* **BRIEF**
Output only the lines that run from the line holding "検査では、姿勢のチェックだけでなく、関節の可動域、筋肉の硬さ" to the end of the data below, including both ends, without any pictures.

* **DATA BELOW**
━━━━━━━━━━━━━━━━━━━━
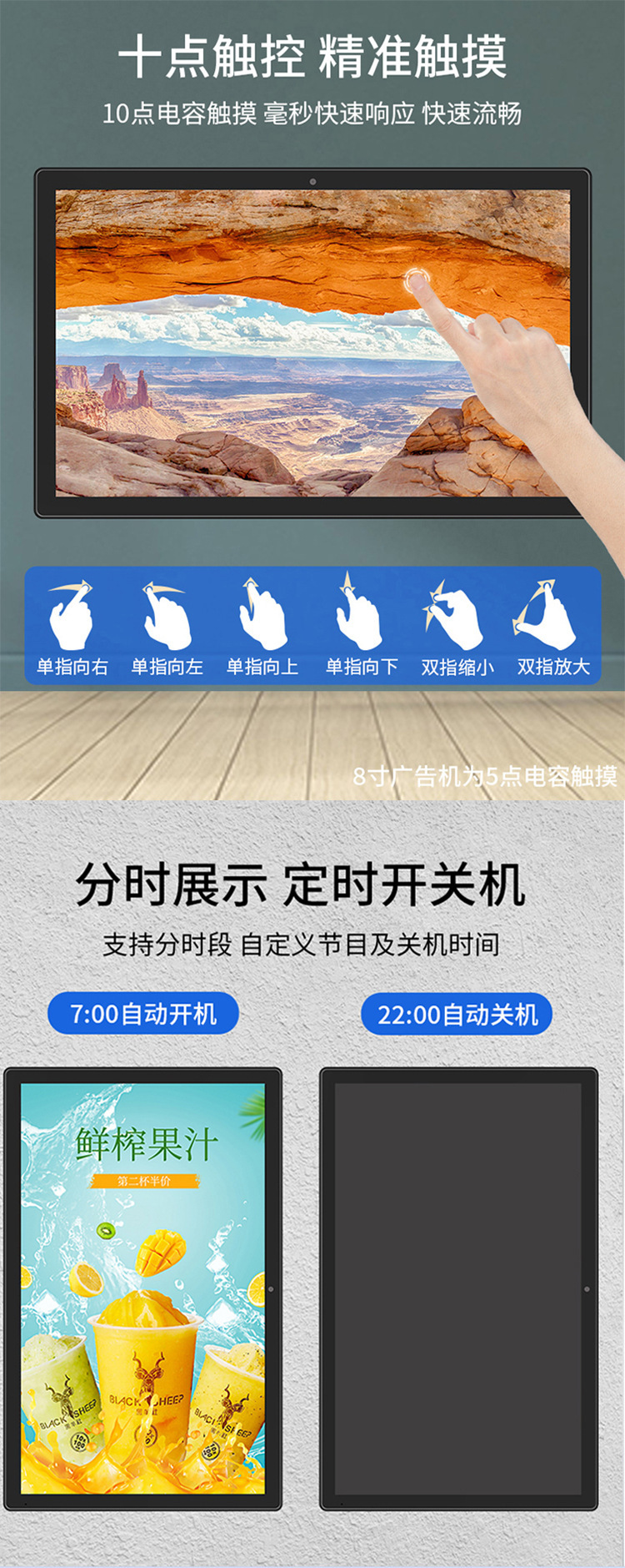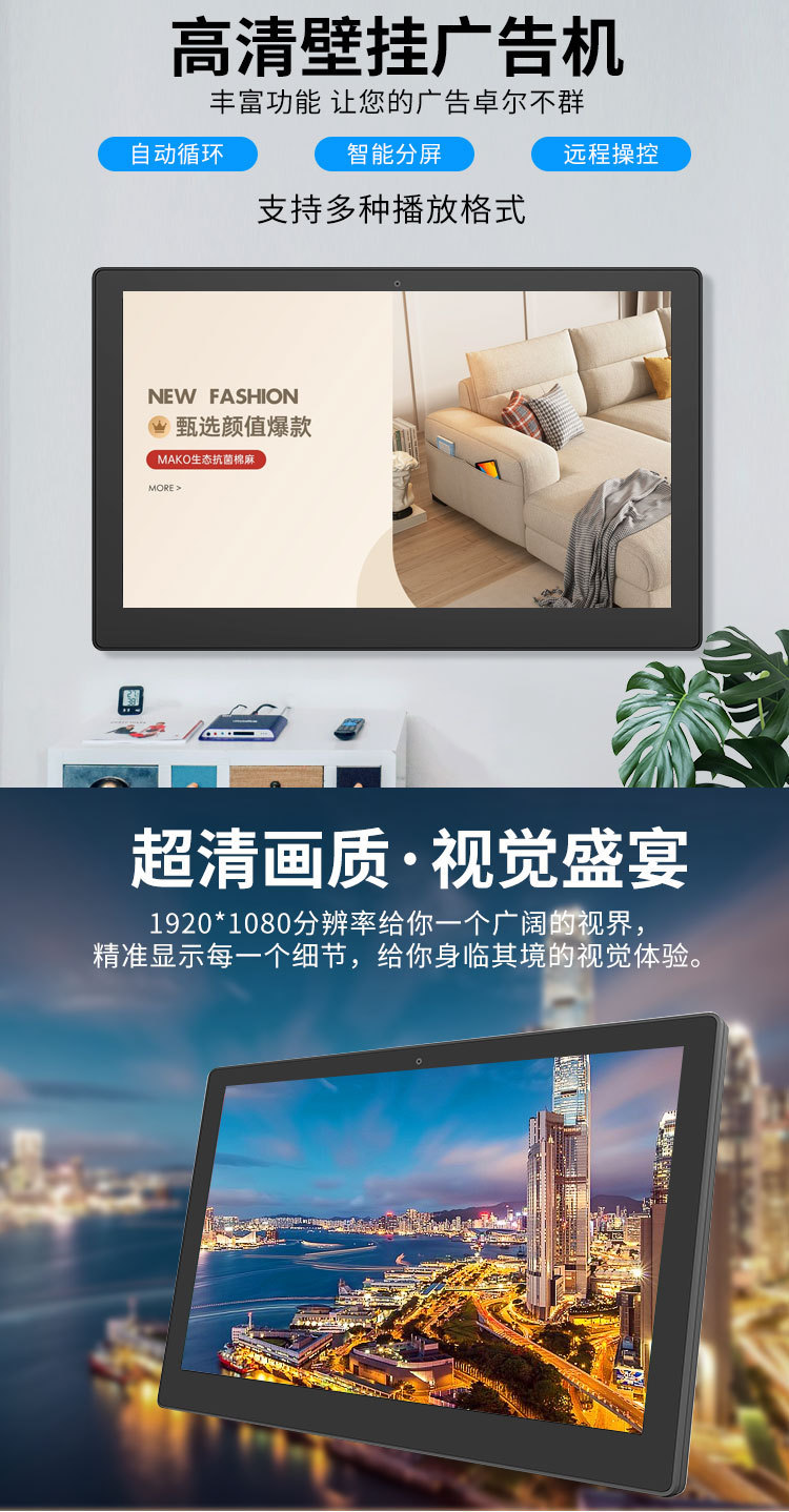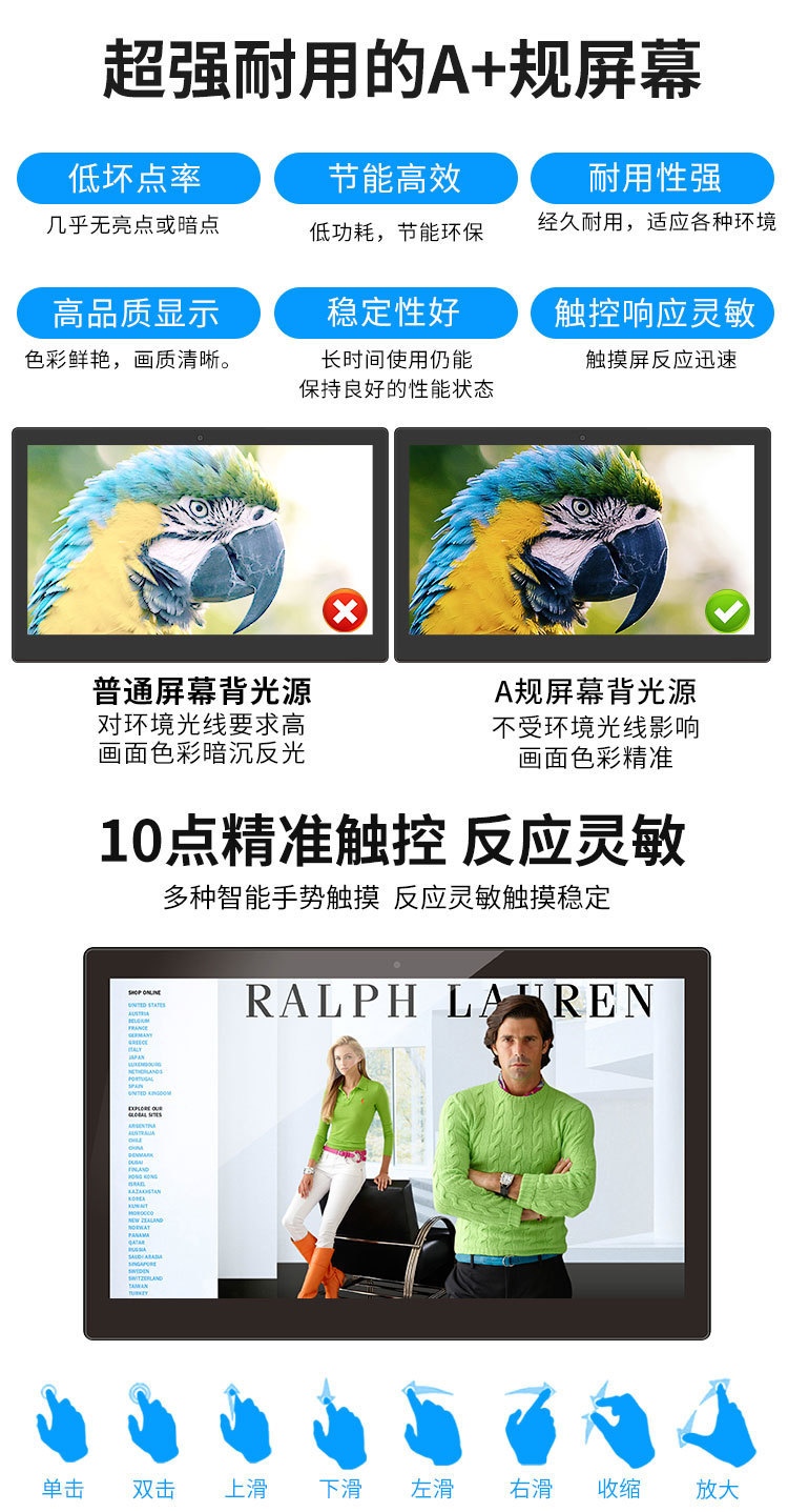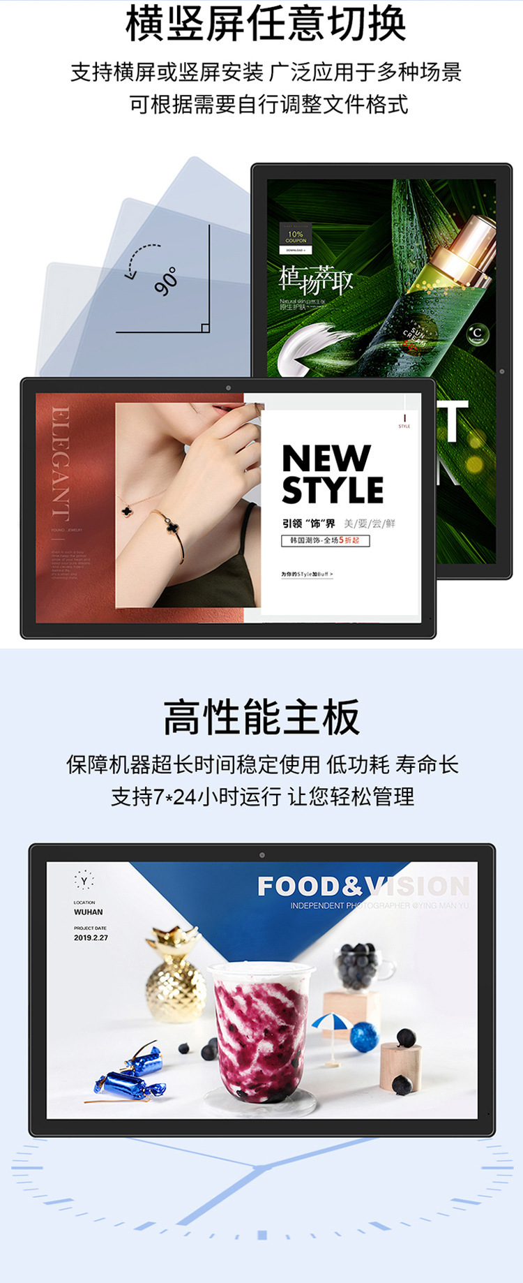 15.6 인치 벽걸이 형 고화질 터치 올인원 광고 기계 터치 디스플레이 화면 수평 및 수직 네트워크 지능형 분할 화면스토어 가기
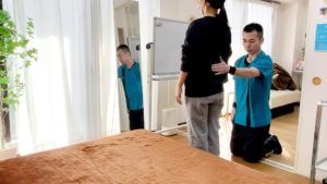 検査では、姿勢のチェックだけでなく、関節の可動域、筋肉の硬さ
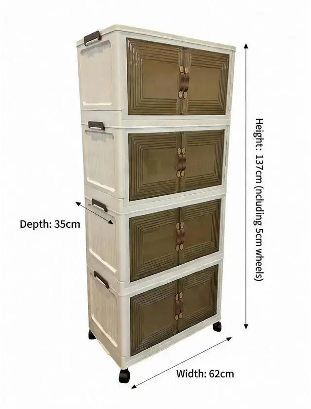 The transparent double doors offer instant visibility and dust protection, keeping belongings neat and your space looking modern and clean. Constructed from durable, easy-clean plastic, this cabinet is perfect for bedrooms, living rooms, offices, kitchens, dorms, or apartments, helping you maximize space, reduce clutter, and enjoy an organized, stress-free home.
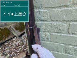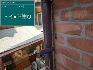 樋もち金具がさびておりましたので錆止めを塗ってから、下塗りを行います。
━━━━━━━━━━━━━━━━━━━━
* **ANSWER**
 検査では、姿勢のチェックだけでなく、関節の可動域、筋肉の硬さ
 The transparent double doors offer instant visibility and dust protection, keeping belongings neat and your space looking modern and clean. Constructed from durable, easy-clean plastic, this cabinet is perfect for bedrooms, living rooms, offices, kitchens, dorms, or apartments, helping you maximize space, reduce clutter, and enjoy an organized, stress-free home.
 樋もち金具がさびておりましたので錆止めを塗ってから、下塗りを行います。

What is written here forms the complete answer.